Did I mention this is also a workplace rom-com? Sure, why not? Aren discovers one of his other new colleagues is Lizzie (An-Li Bogan), a woman with whom he had the gawkiest and most unsexy of meet-cutes at a coffee shop earlier in the day. Lizzie happens to be Jason’s “work-wife,” but he’s also into her, so that complicates Aren’s adherence to his Magical Negro responsibilities and tests his commitment to The Cause.
Maybe we’re all just Magical Negroes
So many disparate ideas and tones are being mashed up here, and none of them gel. Libii spends a ton of time obsessing over the details and internal rules of these proud, respectability politicians. Yet he also has a slippery grasp on the trope he seeks to interrogate. In this world, the Magical Negro is broadened out from its very specific real-world definition – Spike Lee was referring to movies with “magical, mystical” Black characters in films like The Legend of Bagger Vance and The Green Mile – to an all-encompassing label that includes any Black person who’s ever merely decided “Not today, Satan” and resisted the bait when dealing with racial microaggressions at work and Crispus Attucks.
Those muddled conflations would be less jarring if Aren were written as anything other than a convenient vessel for showcasing a convoluted premise. We know nothing about him besides that he’s a failed, self-loathing Rhode Island School of Design alum who’s so spineless he’ll awkwardly hold the door for a parade of oblivious exiting passersby before finally entering a coffee shop for himself.

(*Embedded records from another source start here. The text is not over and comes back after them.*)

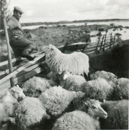 Ämnesord: skärgårdar, inhägnader, får, ullklippning |
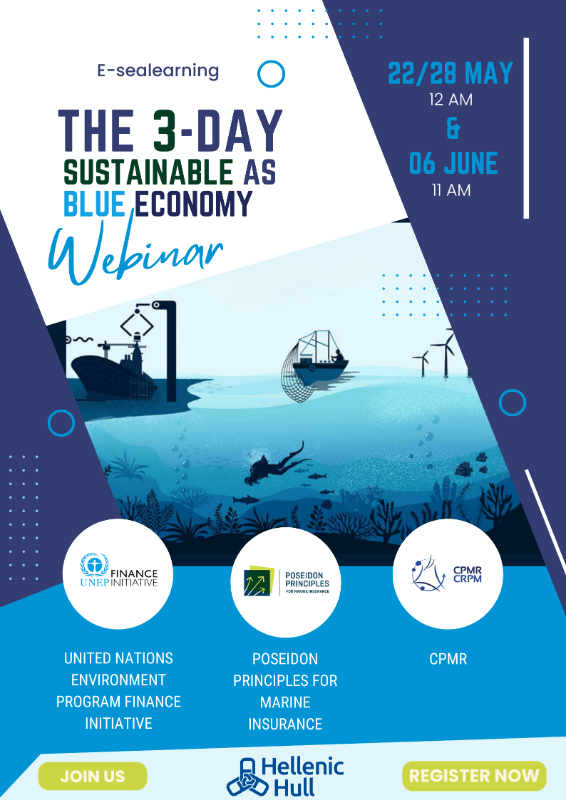 On May 22 & 28 and June 6, 2024, the United Nations Environment Programme Finance Initiative, the Poseidon Principles for Marine Insurance, and the CPMR will deliver a guest lecture to students, researchers, and professors from the University of the Aegean, the World Maritime University and the University of Piraeus in Greece, as part of Hellenic Hull's E-sealearning program. The lecture will focus on ESG, Sustainability Economy, Climate Change, IMO’s New Regulations, Marine Insurance, Industry’s Initiatives, EU maritime policies and the challenges faced by island regions, emphasizing the development of a sustainable blue economy. The aim of these lectures is to support ongoing professional development in the maritime sector and address the multiple challenges in maritime areas.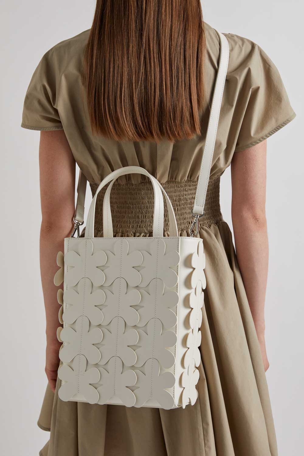 Meimeij White Leather Flower Tote Bag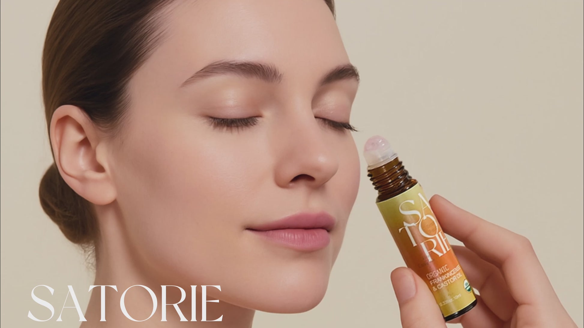 Organic Castor & Frankincense Oil with Rose Quartz Roller (0.33floz/10ml)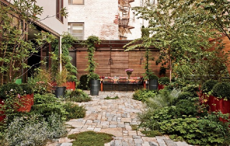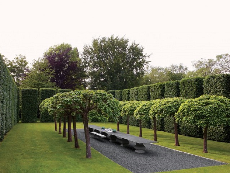 Bạn sẽ phải trầm trồ trước khu vườn xanh khép kín này. Những “bức tường” xanh tự nhiên được cắt tỉa tỉ mỉ, tạo thành những cái cột vuông vức, độc đáo. Ở giữa là một sân nhỏ rải đá, có bàn ghế ngồi nghỉ ngơi, thư giãn, hai bên là hai hàng cây tỏa bóng mát. Đây là một thiết kế độc đáo, đòi hỏi sự tính toán cũng như cần một bản thiết kế, chứ không đơn thuần chỉ là trồng cây.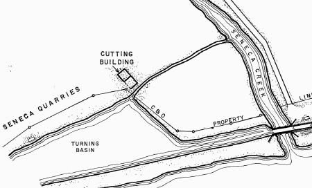 Additional NotesThe sandstone quarry is located on C&O Canal turning basin, but stone was quarried here long before the canal was built. In fact, quarrying had begun even before the American Revolution. During the 1790s, stone from this quarry was boated down the Potomac through the Seneca skirting canal to the locks under construction at Great Falls and Little Falls. The quarry was owned by the Peter family, who lived in Georgetown during the winter months and were close friends of George Washington. During the construction of the Federal City in the 1790s, George Washington was an occasional overnight guest at the home of Thomas Peter in Georgetown. (Thomas Peter married Martha Washington?s granddaughter.) The quarry?s proximity to the canal made it an obvious source of stone when construction began on the lower sections of the canal in 1828. However, the canal company first had to negotiate with John P.C. Peter to obtain land for the aqueduct on the west bank of Seneca Creek. A series of court decisions finally resulted in a payment of $2,143.50, which included rights for the company to quarry 20,000 cubic yards of materials from the adjacent land owned by Peter (the sandstone quarry at Seneca). Under the agreement, the canal company had 27 months to quarry the stone, and apparently made good use of the opportunity: the aqueduct over Seneca Creek and Locks 15-26 are largely constructed of the distinctive reddish stone from Seneca. In 1837 a sawmill was erected near the quarry, using water power from the canal basin to drive eight-foot long band saws that could cut one inch of stone per hour. Stone was brought from the quarry to the sawmill on a narrow-gauge track. The sawmill also cut stone from upstream quarries on Goose Creek (Loudoun County) and Whites Ferry. The mill was probably first powered by a water wheel, which was supplanted by a more advanced turbine. The National Park Service?s illustration of the sawmill (pages 68-69 of the Park Handbook) suggests that water was brought from the canal turning basin into the back of the building by a wooden trough. The water then ran from the sawmill into Seneca Creek.

Before becoming a Magical Negro (I can’t believe this is an actual sentence I’m writing), he has no community to speak of – no friends, no real job, and no family, except a white mom he offhandedly mentions. (This is somehow both very illuminating and not at all illuminating at the same time.) Where did he grow up? How can Aren afford to be a struggling artist with a decent apartment in Los Angeles in this economy? Has Aren ever spent any time with Black people? (Magical Negroes don’t count.)
Lizzie (An-Li Bogan) and Aren (Justice Smith) have a tedious meet-cute at a coffee shop.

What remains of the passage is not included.